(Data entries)
★ ★ ★
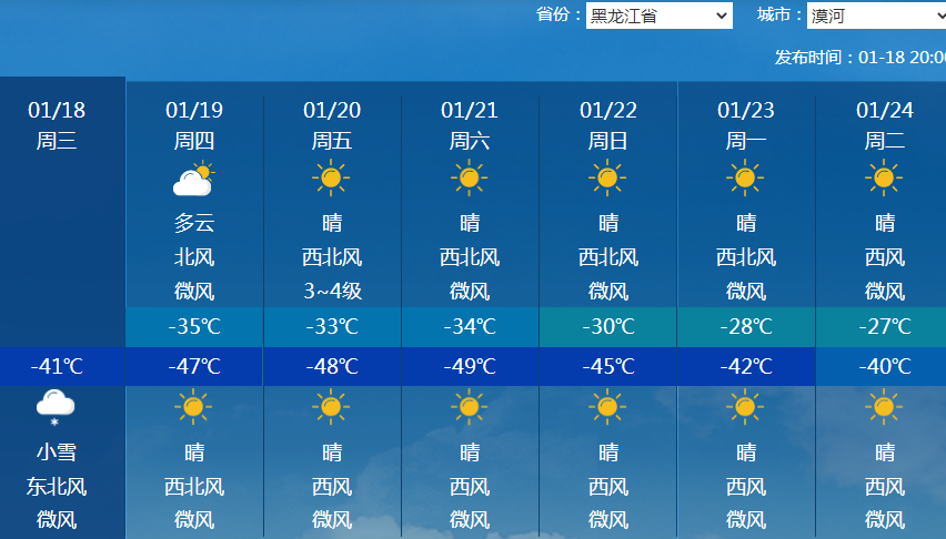 最低气温则普遍低于-20℃
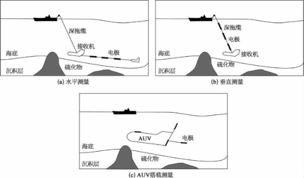 海底SP测量可作为单一调查设备独立测量,或者加挂在其他海底调查设备(如摄像拖体)上进行协同测量。海底SP测量装置通常包含电场传感器、拖曳导线和采集舱三个主要部分。其中电场传感器通常采用Ag/AgCl电极;拖曳导线实现电极至采集舱之间的信号连接;采集舱用于放大、记录、存储和传输电位信号。其常见的加挂方式有三种(图5.39):一是悬挂在光缆或同轴缆上进行垂直观测,记录自然电场的垂直分量;二是加挂在拖体后方进行水平观测,测量自然电场的水平分量,通过调节电极距的长短来改变不同的观测方式,在水平拖曳时,为保证传感器的水平,需要合理配置浮力,并在尾部加挂阻尼伞;三是借助AUV搭载观测装置进行小范围灵活自主详查。船载测量时,调查船以1~2节的速度拖曳测量仪在海底上方20~50 m高度匀速前行,记录近海底SP。AUV近海底测量时,可同时测量正交的三分量自然电位,相比船载深拖能更接近异常体,观测精度更高,更适用于小范围异常体的详查。
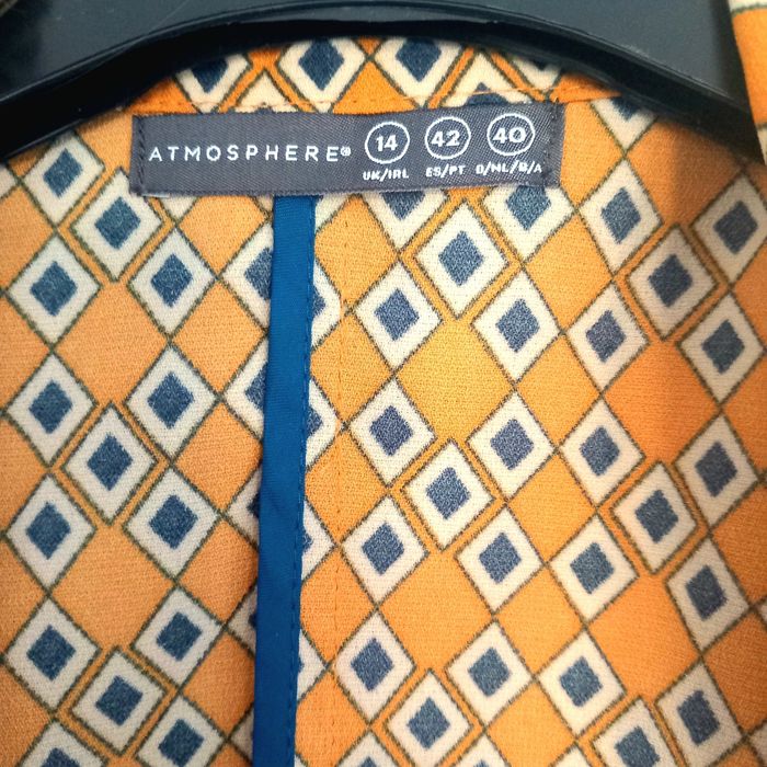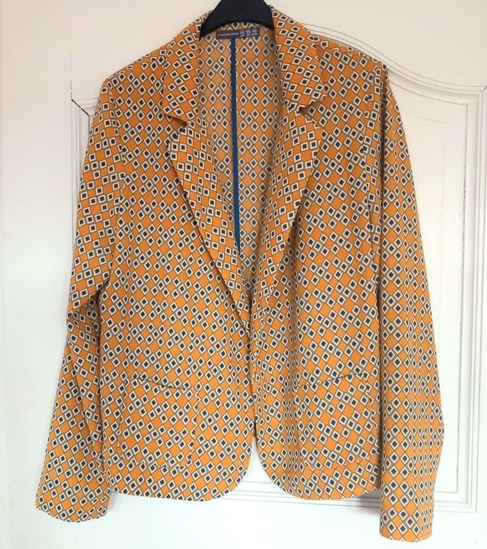 Belle Veste Tailleur ou Blazer, T 40 VINTAGE Couleur Moutarde et Losanges Marine Marque Atmosphère PARFAIT ETAT
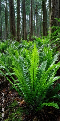 © Mykola, Fototapeta premium Seattle Forest. Tranquil Western Sword Fern in Lush Green Wooded Area
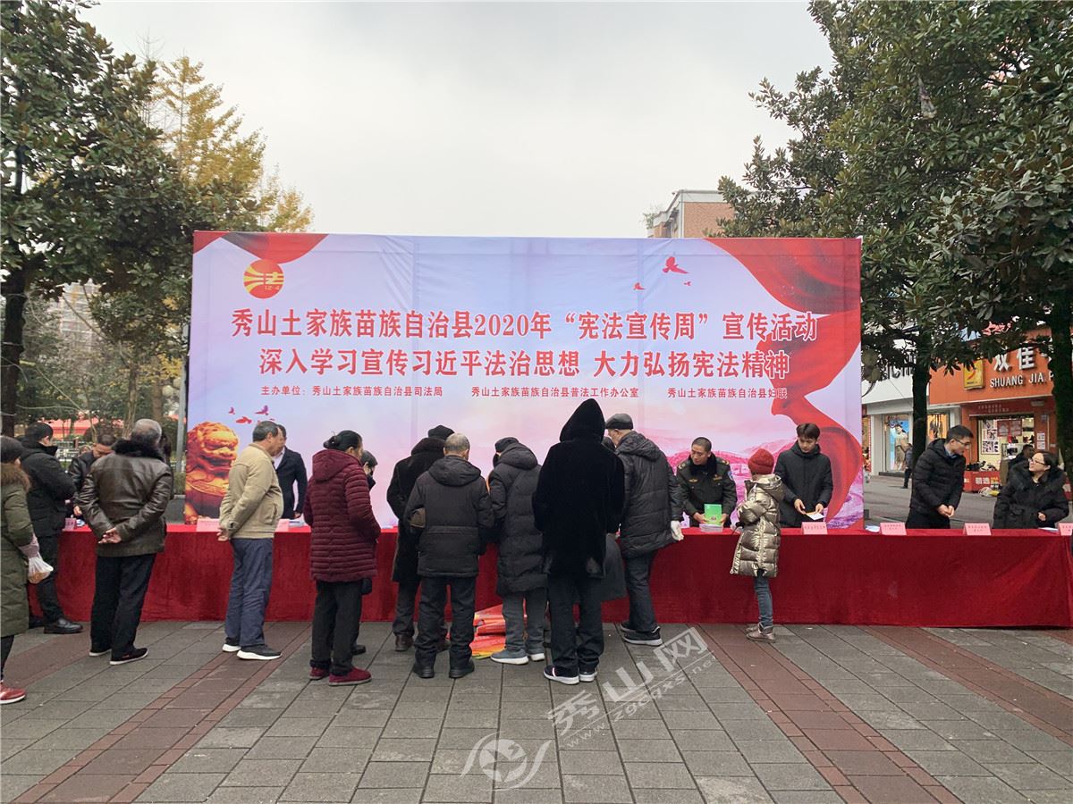 秀山網訊 近日,縣司法局、縣普法辦、縣婦聯聯合律師行業在花燈廣場開展以“深入學習宣傳習近平法治思想,大力弘揚憲法精神”為主題的“憲法宣傳周”宣傳教育活動。
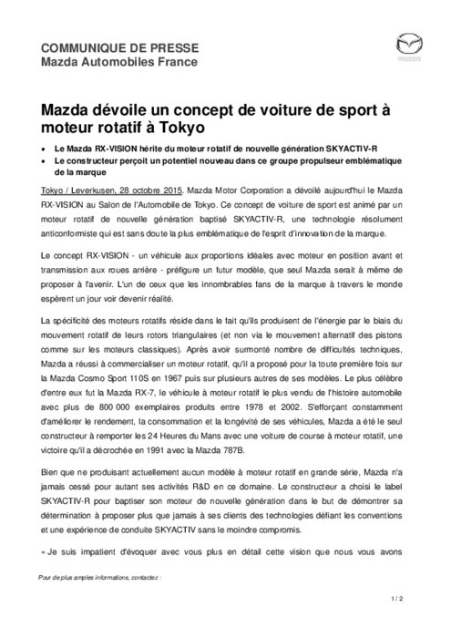 Mazda Motor Corporation a dévoilé aujourd'hui le Mazda RX-VISION au Salon de l'Automobile de Tokyo. Ce concept de voiture de sport est animé par un moteur rotatif de nouvelle génération baptisé SKYACTIV-R, une technologie résolument anticonformiste qui est sans doute la plus emblématique de l'esprit d’innovation de la marque.
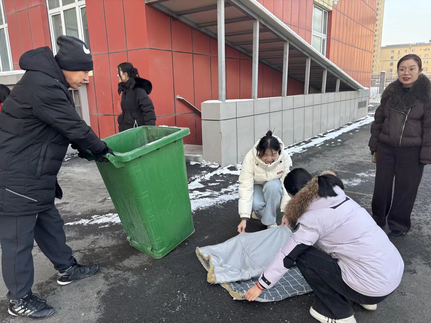 活动开展前,党支部通过深入排查校园设施安全隐患,发现冬季气温骤降且昼夜温差较大,地下室实验实训室周边窨井盖下方水管易发生冻裂。这一问题不仅可能造成设备损坏,还会影响正常教学用水供应,给校园教学秩序和日常管理带来不利影响。为切实破解这一实际难题,党支部精准制定志愿服务方案,最终确定以废旧被褥为保暖材料,专项开展窨井盖防寒保护志愿服务活动。
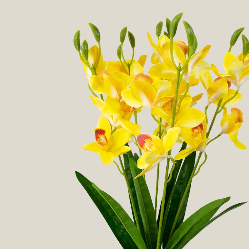 Ramo de orquídea artificial en tono amarillo zinc, ideal para crear arreglos luminosos, modernos y llenos de presencia. Gracias a su material en silicona, ofrece una textura suave y realista que imita perfectamente el movimiento y acabado de una orquídea natural.
★ ★ ★
_Directions for this task_:
A faithful copy of the entries above is needed, one that contains no images.

_Result below_:
 最低气温则普遍低于-20℃
 海底SP测量可作为单一调查设备独立测量,或者加挂在其他海底调查设备(如摄像拖体)上进行协同测量。海底SP测量装置通常包含电场传感器、拖曳导线和采集舱三个主要部分。其中电场传感器通常采用Ag/AgCl电极;拖曳导线实现电极至采集舱之间的信号连接;采集舱用于放大、记录、存储和传输电位信号。其常见的加挂方式有三种(图5.39):一是悬挂在光缆或同轴缆上进行垂直观测,记录自然电场的垂直分量;二是加挂在拖体后方进行水平观测,测量自然电场的水平分量,通过调节电极距的长短来改变不同的观测方式,在水平拖曳时,为保证传感器的水平,需要合理配置浮力,并在尾部加挂阻尼伞;三是借助AUV搭载观测装置进行小范围灵活自主详查。船载测量时,调查船以1~2节的速度拖曳测量仪在海底上方20~50 m高度匀速前行,记录近海底SP。AUV近海底测量时,可同时测量正交的三分量自然电位,相比船载深拖能更接近异常体,观测精度更高,更适用于小范围异常体的详查。
 Belle Veste Tailleur ou Blazer, T 40 VINTAGE Couleur Moutarde et Losanges Marine Marque Atmosphère PARFAIT ETAT
 © Mykola, Fototapeta premium Seattle Forest. Tranquil Western Sword Fern in Lush Green Wooded Area
 秀山網訊 近日,縣司法局、縣普法辦、縣婦聯聯合律師行業在花燈廣場開展以“深入學習宣傳習近平法治思想,大力弘揚憲法精神”為主題的“憲法宣傳周”宣傳教育活動。
 Mazda Motor Corporation a dévoilé aujourd'hui le Mazda RX-VISION au Salon de l'Automobile de Tokyo. Ce concept de voiture de sport est animé par un moteur rotatif de nouvelle génération baptisé SKYACTIV-R, une technologie résolument anticonformiste qui est sans doute la plus emblématique de l'esprit d’innovation de la marque.
 活动开展前,党支部通过深入排查校园设施安全隐患,发现冬季气温骤降且昼夜温差较大,地下室实验实训室周边窨井盖下方水管易发生冻裂。这一问题不仅可能造成设备损坏,还会影响正常教学用水供应,给校园教学秩序和日常管理带来不利影响。为切实破解这一实际难题,党支部精准制定志愿服务方案,最终确定以废旧被褥为保暖材料,专项开展窨井盖防寒保护志愿服务活动。
 Ramo de orquídea artificial en tono amarillo zinc, ideal para crear arreglos luminosos, modernos y llenos de presencia. Gracias a su material en silicona, ofrece una textura suave y realista que imita perfectamente el movimiento y acabado de una orquídea natural.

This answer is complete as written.